__Information supplied__.

____

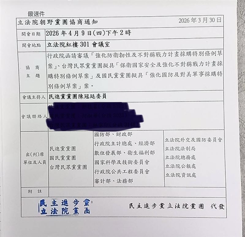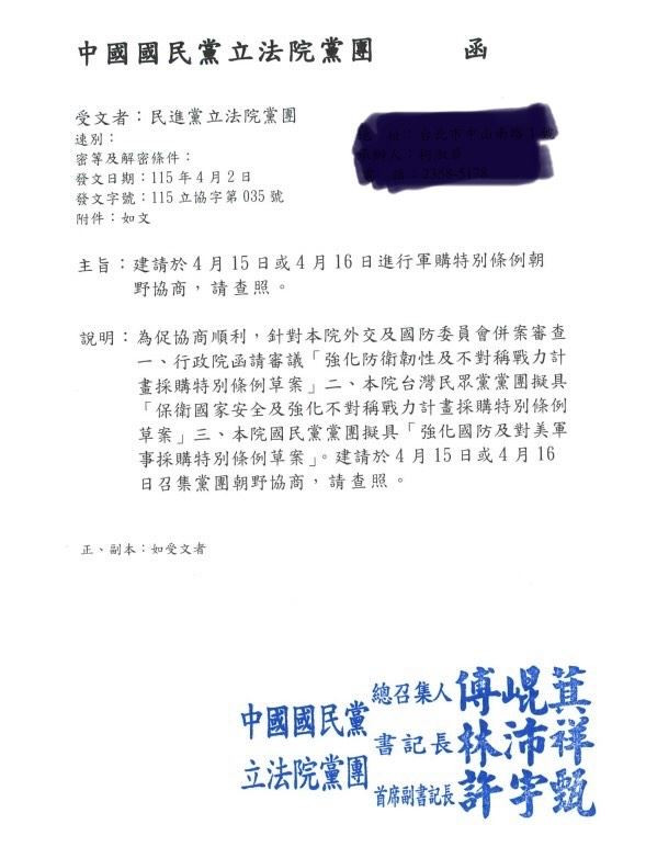中國國民黨主席鄭麗文預計4月7日至12日前往中國,並會見中國共產黨總書記習近平。立法院原訂4月9日舉行的外交國防委員會軍購條例朝野協商,昨天竟傳出中國國民黨團發函要求改期至四月十五日或十六日舉行。民進黨立委林楚茵批評,中國國民黨難道要領完習近平旨意才知道軍購要怎麼談嗎?根本自證是中共傳聲筒。
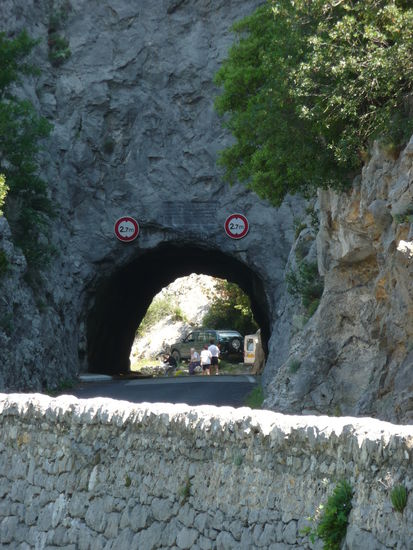 Zurück zu unserem Ausflugstag: wir fuhren über Tautavel (hier wurden in einer Grotte Schädel, Knochen und Werkzeuge der ältesten Europäer gefunden, die vor 450.000 Jahren hier lebten) und die D117 bis St.-Paul-de-Fenouillet. Nun ging es auf einer engen Straße hinein in die Gorges de Galamus und in eine spektakuläre Bergwelt. Wohnmobile sind hier verboten.
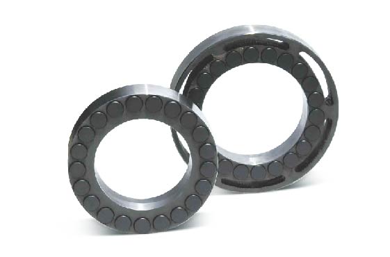 PDC軸承:適合于井下惡劣工況。試驗結(jié)果表明,在開式泥漿 潤滑冷卻條件下,最高比壓達32MN/m,轉(zhuǎn)速400rev/min, PV值高達30MN/m·m/s時,PDC止推軸承仍具有理想的磨擦系數(shù)和磨損壽命,可較好地應(yīng)用于井下動力鉆具中。廣泛用于石油、礦山等部門的井下動力鉆具
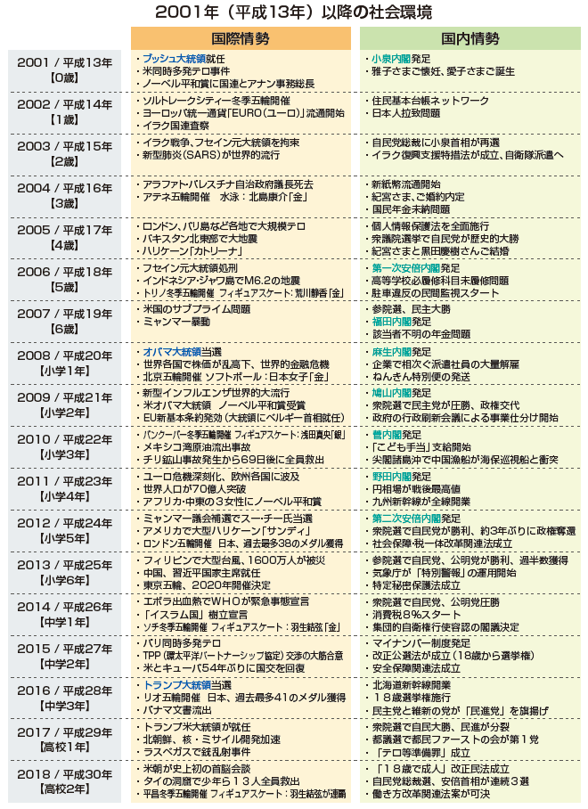 | 高校3年生が経てきた社会(1) | 現在の高校3年生が育った時代背景を理解するための一助として、ご高覧いただ ければ幸いです。 |

____

__Aim of the task__. Except for the pictures, give all the material above again verbatim.

__Task result__.
中國國民黨主席鄭麗文預計4月7日至12日前往中國,並會見中國共產黨總書記習近平。立法院原訂4月9日舉行的外交國防委員會軍購條例朝野協商,昨天竟傳出中國國民黨團發函要求改期至四月十五日或十六日舉行。民進黨立委林楚茵批評,中國國民黨難道要領完習近平旨意才知道軍購要怎麼談嗎?根本自證是中共傳聲筒。
 Zurück zu unserem Ausflugstag: wir fuhren über Tautavel (hier wurden in einer Grotte Schädel, Knochen und Werkzeuge der ältesten Europäer gefunden, die vor 450.000 Jahren hier lebten) und die D117 bis St.-Paul-de-Fenouillet. Nun ging es auf einer engen Straße hinein in die Gorges de Galamus und in eine spektakuläre Bergwelt. Wohnmobile sind hier verboten.
 PDC軸承:適合于井下惡劣工況。試驗結(jié)果表明,在開式泥漿 潤滑冷卻條件下,最高比壓達32MN/m,轉(zhuǎn)速400rev/min, PV值高達30MN/m·m/s時,PDC止推軸承仍具有理想的磨擦系數(shù)和磨損壽命,可較好地應(yīng)用于井下動力鉆具中。廣泛用于石油、礦山等部門的井下動力鉆具
 | 高校3年生が経てきた社会(1) | 現在の高校3年生が育った時代背景を理解するための一助として、ご高覧いただ ければ幸いです。 |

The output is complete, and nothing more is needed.